Caselaw Digest
Caselaw Digest

Idrees Hashmi v Paul Lorimer-Wing & Ors

21 June 2023
[2023] EWHC 1514 (Ch)
High Court
Two business partners fell out. One partner (Lorimer-Wing) fired the other (Hashmi) without following the rules, kicked him out of the company, and tried to get his shares cheaply. The judge said that was unfair, and the fired partner wins.

Key Facts

  • Idrees Hashmi (Petitioner) sought a buy-out order against Paul Lorimer-Wing (First Respondent) for unfairly prejudicial conduct as a director of Fore Fitness Investments Holdings Limited (the "Company").
  • Hashmi was removed as a director on 26 February 2021, allegedly in accordance with the Company's Articles of Association.
  • Prior to removal, Lorimer-Wing locked Hashmi out of the Company's IT systems.
  • Hashmi's petition initially included James Gilbert (Second Respondent), but was settled out of court.
  • The Company's share capital was split into voting Ordinary A Shares and non-voting Ordinary B Shares.
  • Hashmi was an early investor, director (CTO), and independent contractor for the Company.
  • The Company's Bespoke Articles required two directors for a quorum; a previous court ruling established this.
  • The removal of Hashmi as director is contested due to alleged non-compliance with Model Articles 9 and 10 regarding notice and communication at board meetings.
  • Lorimer-Wing's defense rests on Hashmi's alleged voluntary abandonment of work and entitlement to removal under Bespoke Article 14(1)(c).
  • A key evidential dispute surrounded the nature and content of various communications (e-mails, phone calls, WhatsApp messages) between Hashmi and Lorimer-Wing.
  • Lorimer-Wing relied on legal advice (undisclosed) in support of the removal, but this was deemed insufficient.
  • The court examined the chronology of events, documentary evidence, and witness testimony to determine the validity of Hashmi's removal.
  • A late offer to purchase Hashmi's shares was made by Lorimer-Wing.

Legal Principles

Unfair prejudice to the interests of members.

Companies Act 2006, Section 994(1)

Standing to petition – membership of the company.

Companies Act 2006, Section 994

Requirements for unfair prejudice: standing, conduct relating to company affairs, conduct contrary to law or inequitable, prejudice suffered, prejudice to interests as a member, unfairness of prejudice.

O’Neill v.
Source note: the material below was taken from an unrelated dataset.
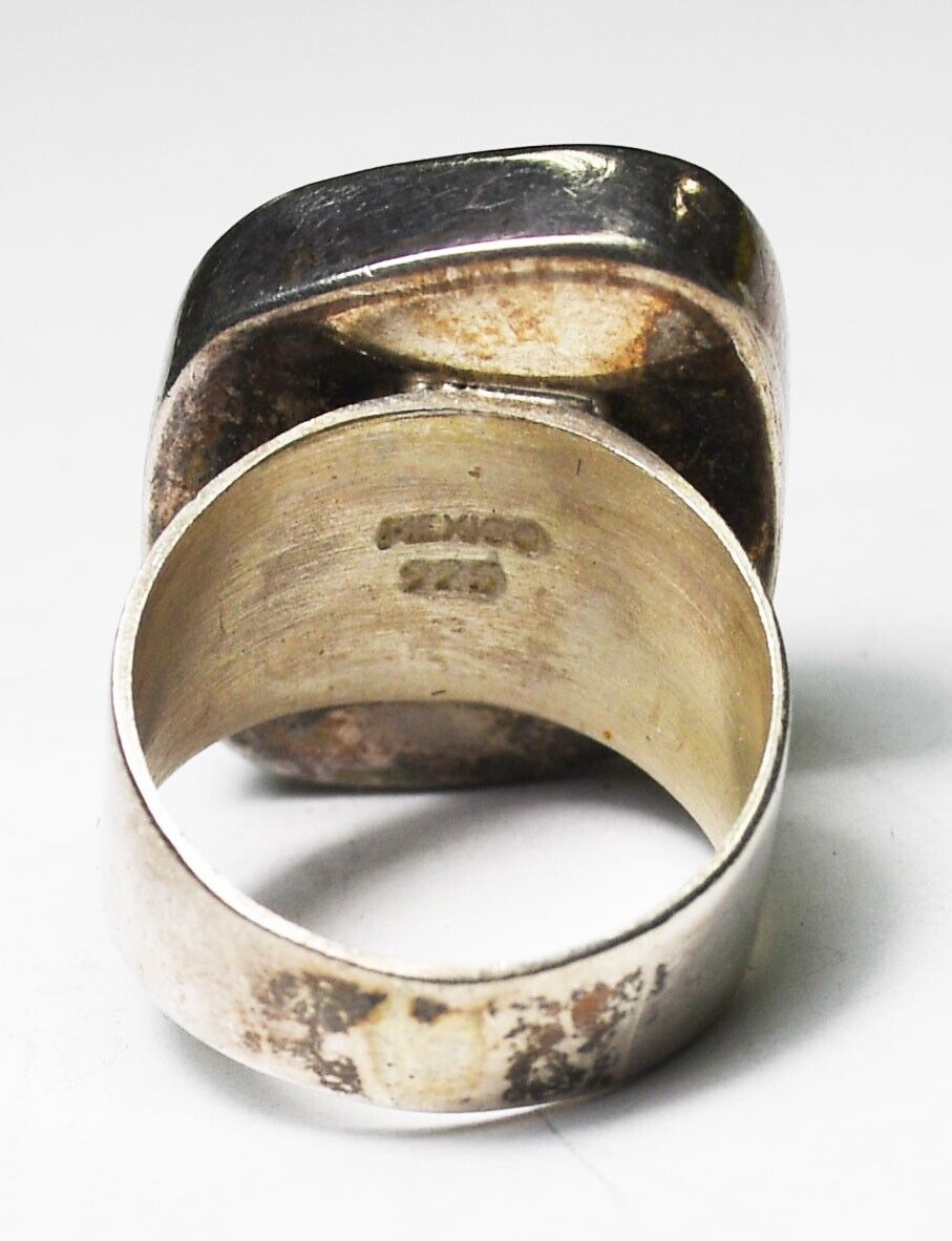 Sterling Silver Mexico Yellow Red Glass Ring 25mm Size 7

Phillips [1999] 1 WLR 1092, Re A Company (No. 00477 of 1986) [1986] BCLC 376, Re Tobian Properties Ltd [2013] Bus. L.R. 753, Re Coroin Ltd (No. 2) [2012] EWHC 2343

Test for unfairness: departure from agreed arrangements between shareholders; breach of agreement or understanding.
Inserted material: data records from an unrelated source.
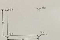 In Fig. the four particles form a square of edge length a = 5.00 cm and have charges q1 = +10.0nC, q2 = -20.0nC, q3 = +20.0nC and q4 = -10.0nC. In unit-vector notation. What net electric field do the particles produce at the square’s center?
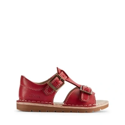 Clarks Girls Playsunreef T. Flat Sandal, Red Leather, 4.5 UK Child
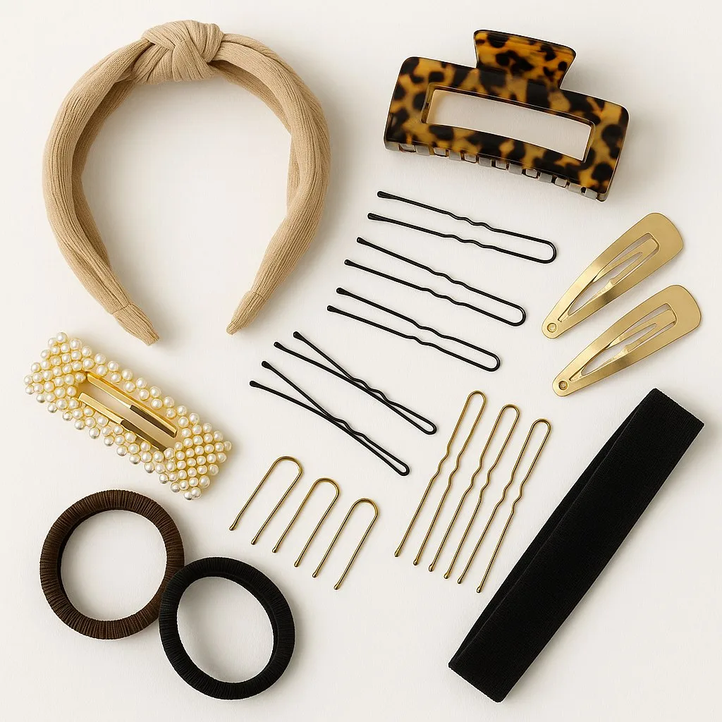 Аксессуары для волос — декоративные или функциональные изделия, которые используют для фиксации прически, украшения укладки или придания образу выразительности. К категории относятся заколки, невидимки, шпильки, резинки, повязки или более нарядные элементы — диадемы, тиары, обручи, ленты, банты.

O’Neill v. Phillips, Grace v. Biagioli [2006] 2 BCLC 70, Re Saul D Harrison [1994] B.C.C. 475

Reasonable offer as defense to unfair prejudice.

O’Neill v. Phillips

Company's Articles of Association govern the removal of directors.
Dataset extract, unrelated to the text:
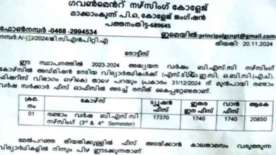 2024-25 വര്ഷത്തെ ഫീസ് അടവിനായുള്ള നോട്ടീസില് ഇല്ലാത്ത വാന് ഫീസും അടയ്ക്കേണ്ട ഗതികേടിലാണ് പത്തനംതിട്ട ഗവ. നഴ്സിങ് കോളേജിലെ രണ്ടാംവര്ഷ വിദ്യാര്ഥികള്. വാന് ഫീസായി 1740 രൂപയാണ്…
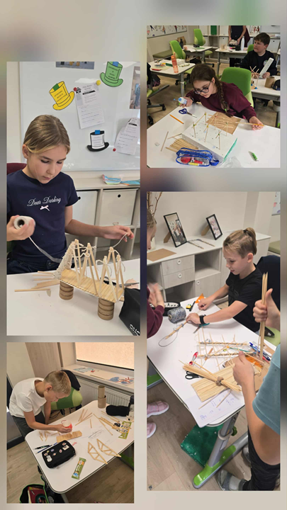 Technologijos: darbas su įvairiomis priemonėmis (klijais, siūlais, gumelėmis, pagaliukais, kartonu). Mokiniai mokėsi pasirinkti tinkamiausią technologinį sprendimą, kad tiltas laikytųsi.

Companies Act 2006 and Bespoke Articles of Fore Fitness Investments Holdings Limited

Outcomes

Petition granted.

The court found that the Company's affairs were conducted in a manner unfairly prejudicial to Hashmi's interests due to the invalid removal from directorship, exclusion from management and information, and unlawful termination of his consultancy agreement. The court found that Lorimer-Wing's actions, in failing to follow proper procedure for the removal, and aiming to gain an advantage by obtaining Hashmi's shares at nominal value were unfair.